:: Dataset excerpts ::

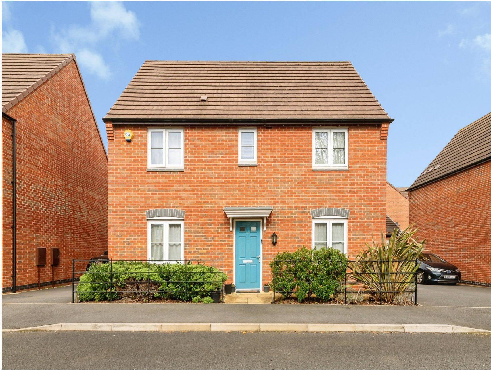
Crispin Way, Nottingham NG8 3QH
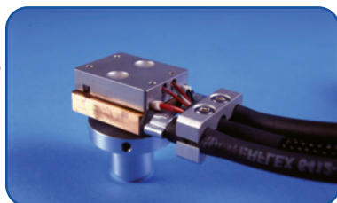
K25X cold stage
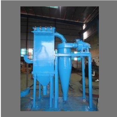
Dust Pollution Control Unit
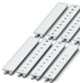
Zack marker strip, 10-section, horizontally labeled with the consecutive numbers: 61 ... 70, white, width: 5 mm

Please be informed that the data shown in this PDF Document is generated from our Online Catalog. Please find the complete data in the user's documentation. Our General Terms of Use for Downloads are valid ( http://phoenixcontact.com/download )
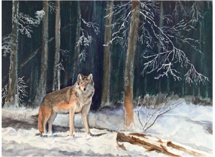
Lynne Flodin "Out of the Dark"
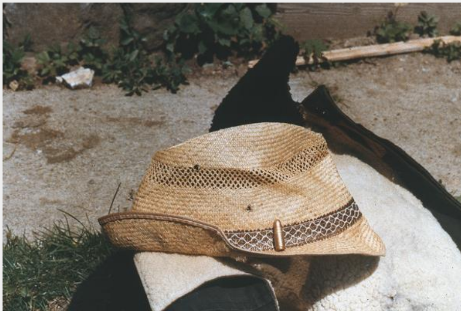
The hat that Billy shot off the shooter's head. You can clearly see the bullet hole in the hat.
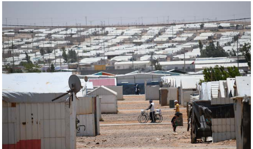
There are currently over 37,000 prefabricated transitional shelters in Azraq and Zaatari camps.

In its role as camp manager along with the government, UNHCR provides shelter to refugees living in Azraq and Zaatari camps and works to improve infrastructure. Almost all shelters in the camps have exceeded their life span and need maintenance or even replacement. However, due to funding constraints, UNHCR and its partners have only been able to repair and replace eight per cent of the containers. Since 2023, UNHCR and its partner have also been piloting a self-repair project to empower refugees, where families receive the needed materials, trainings, and cash to repair the shelters themselves.

:::

Where a line above includes "shelters", copy that line.

There are currently over 37,000 prefabricated transitional shelters in Azraq and Zaatari camps.
In its role as camp manager along with the government, UNHCR provides shelter to refugees living in Azraq and Zaatari camps and works to improve infrastructure. Almost all shelters in the camps have exceeded their life span and need maintenance or even replacement. However, due to funding constraints, UNHCR and its partners have only been able to repair and replace eight per cent of the containers. Since 2023, UNHCR and its partner have also been piloting a self-repair project to empower refugees, where families receive the needed materials, trainings, and cash to repair the shelters themselves.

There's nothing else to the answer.